● ENTRIES SUPPLIED
○ ○ ○
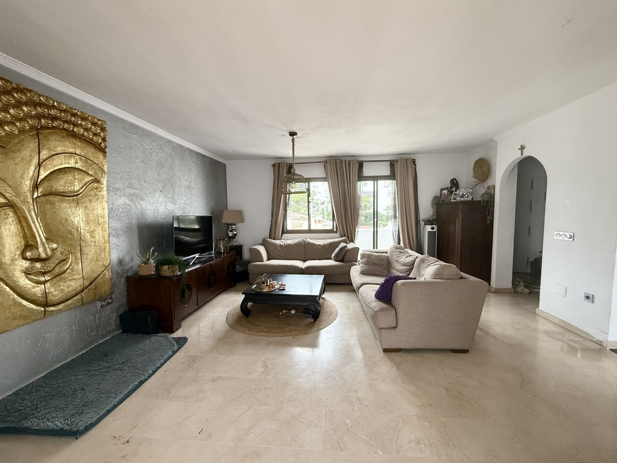 Penthouse apartment with the most stunning, panoramic sea views!!! Located within just a few minutes¨walk to the beach and just a few minutes¨drive to Fuengirola and La Cala de Mijas, this trully superb property is a rare find! The property comprises of a spacious lounge/dining room with pelllet burning fireplace, open plan modern kitchen, one double bedroom with bathroom plus the master bedroom with ensuite bathroom. Both bedrooms have patio door access to the terrace and built in wardrobes. Via patio doors from the lounge, is a stunning glass conservatory/sun lounge, used by the current owner as the dining room. The terrace of the property extends the full length of the apartment and to the side, being a corner property, and offers south facing full frontal and lateral uninterrupted sea views. The community is immaculately maintained, with gated access to the communal carparking area. There is a large swimming pool with sunbathing areas. Local amenities can be walked to also, including bars and restaurants, supermarket, bakery etc.
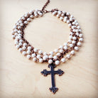White Turquoise Beaded Collar Necklace w/ Cross Pendant 260z
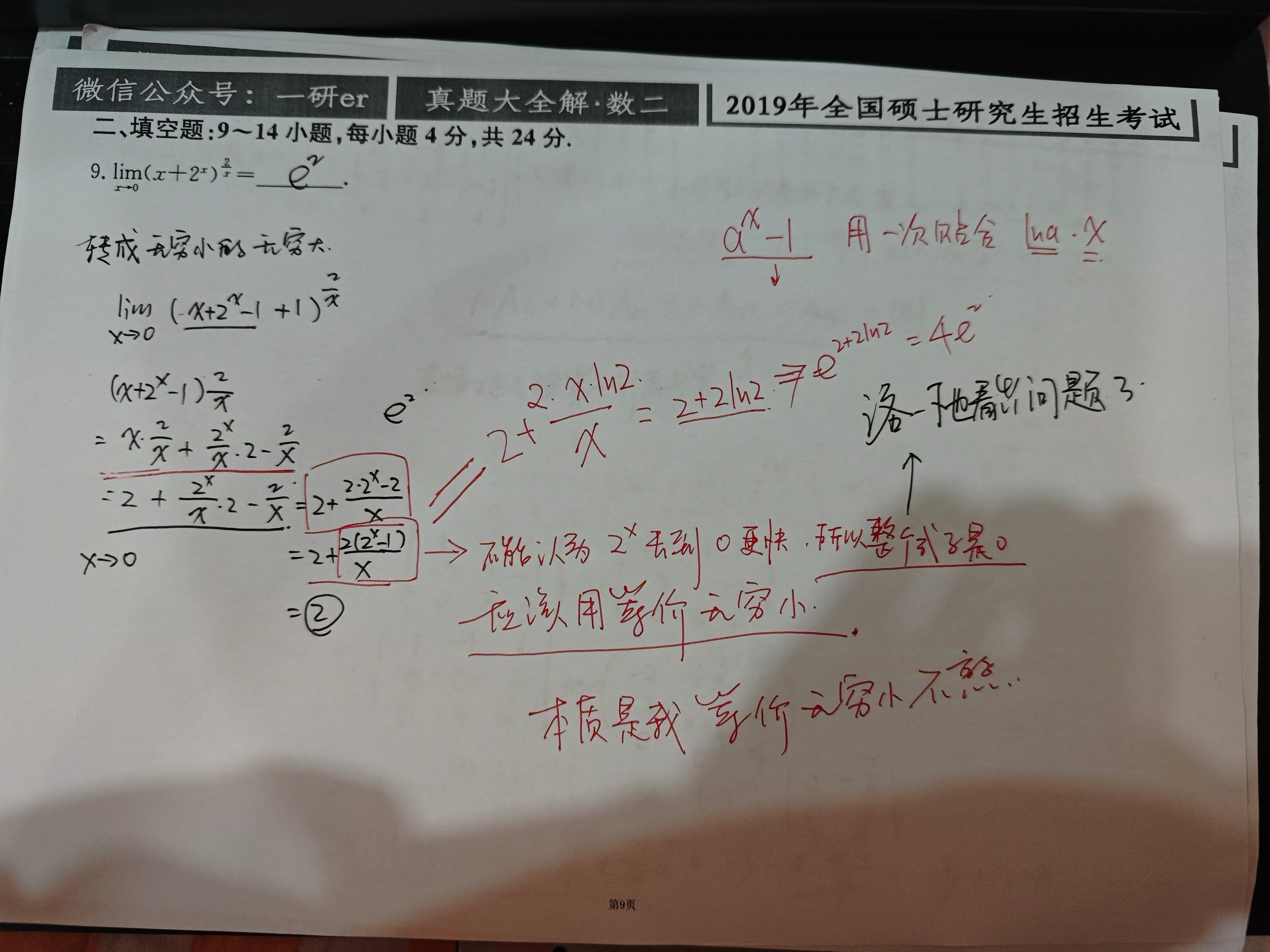 题9 题目 [!question]+ Q:(9) 分析 [!NOTE]+ A:无穷小的无穷大次,另一方面,又是对这个指数函数积分与求导还有等价无穷小不熟悉,比如这里的求导应该是,这里的求导应该是,有一个等价无穷小是, 解 [!done]- 解 (法一) 凑重要极限. 计算 . 因此,原极限 .
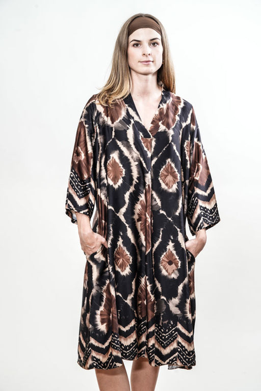 Long black/brown patterned dress - One Size
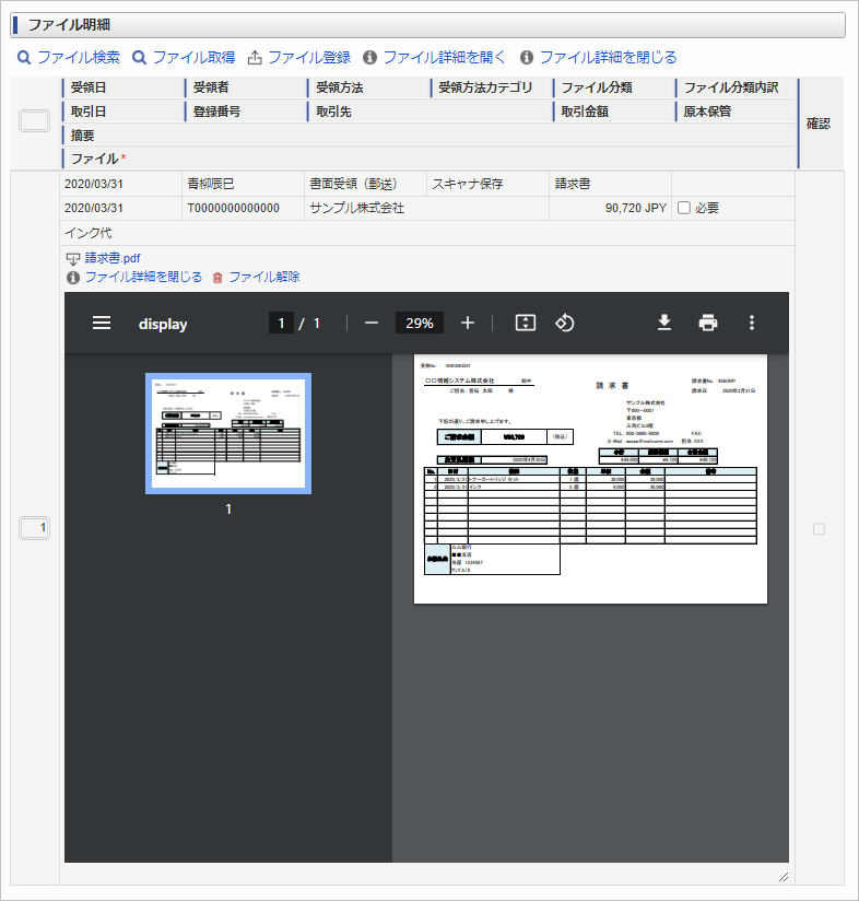 受領日添付したファイルの受領日を表示します。 受領者添付したファイルの受領者を表示します。 受領方法添付したファイルの受領方法を表示します。 受領方法カテゴリ添付したファイルの受領方法カテゴリを表示します。 ファイル分類添付したファイルのファイル分類を表示します。 ファイル分類内訳添付したファイルのファイル分類内訳を表示します。 取引日添付したファイルの取引日を表示します。 登録番号添付したファイルの登録番号を表示します。 取引先添付したファイルの取引先を表示します。 取引金額添付したファイルの取引金額を表示します。 原本保管原本を保管する必要のあるファイルの場合チェックします。 摘要添付したファイルの摘要を表示します。 ファイルファイル検索で選択したファイルを表示します。ファイル名をクリックするとファイルをダウンロードできます。ファイル詳細を閉じるのリンクをクリックすると、ファイルのプレビューを非表示にすることができます。ファイル詳細を開くのリンクをクリックすると、ファイルのプレビューを表示することができます。ファイルが画像ファイル、PDF以外の場合、プレビューは表示されません。ファイル解除のリンクをクリックすると、添付したファイルの連携を解除することができます。 確認処理時の入力項目です。申請内容と連携されたファイル、原本を確認して問題ない場合、確認担当者がチェックします。コラム
○ ○ ○
● EXERCISE INSTRUCTIONS
Give back the whole listing exactly as it stands. No pictures belong in the copy.

● RESPONSE TO THIS TASK
 Penthouse apartment with the most stunning, panoramic sea views!!! Located within just a few minutes¨walk to the beach and just a few minutes¨drive to Fuengirola and La Cala de Mijas, this trully superb property is a rare find! The property comprises of a spacious lounge/dining room with pelllet burning fireplace, open plan modern kitchen, one double bedroom with bathroom plus the master bedroom with ensuite bathroom. Both bedrooms have patio door access to the terrace and built in wardrobes. Via patio doors from the lounge, is a stunning glass conservatory/sun lounge, used by the current owner as the dining room. The terrace of the property extends the full length of the apartment and to the side, being a corner property, and offers south facing full frontal and lateral uninterrupted sea views. The community is immaculately maintained, with gated access to the communal carparking area. There is a large swimming pool with sunbathing areas. Local amenities can be walked to also, including bars and restaurants, supermarket, bakery etc.
White Turquoise Beaded Collar Necklace w/ Cross Pendant 260z
 题9 题目 [!question]+ Q:(9) 分析 [!NOTE]+ A:无穷小的无穷大次,另一方面,又是对这个指数函数积分与求导还有等价无穷小不熟悉,比如这里的求导应该是,这里的求导应该是,有一个等价无穷小是, 解 [!done]- 解 (法一) 凑重要极限. 计算 . 因此,原极限 .
 Long black/brown patterned dress - One Size
 受領日添付したファイルの受領日を表示します。 受領者添付したファイルの受領者を表示します。 受領方法添付したファイルの受領方法を表示します。 受領方法カテゴリ添付したファイルの受領方法カテゴリを表示します。 ファイル分類添付したファイルのファイル分類を表示します。 ファイル分類内訳添付したファイルのファイル分類内訳を表示します。 取引日添付したファイルの取引日を表示します。 登録番号添付したファイルの登録番号を表示します。 取引先添付したファイルの取引先を表示します。 取引金額添付したファイルの取引金額を表示します。 原本保管原本を保管する必要のあるファイルの場合チェックします。 摘要添付したファイルの摘要を表示します。 ファイルファイル検索で選択したファイルを表示します。ファイル名をクリックするとファイルをダウンロードできます。ファイル詳細を閉じるのリンクをクリックすると、ファイルのプレビューを非表示にすることができます。ファイル詳細を開くのリンクをクリックすると、ファイルのプレビューを表示することができます。ファイルが画像ファイル、PDF以外の場合、プレビューは表示されません。ファイル解除のリンクをクリックすると、添付したファイルの連携を解除することができます。 確認処理時の入力項目です。申請内容と連携されたファイル、原本を確認して問題ない場合、確認担当者がチェックします。コラム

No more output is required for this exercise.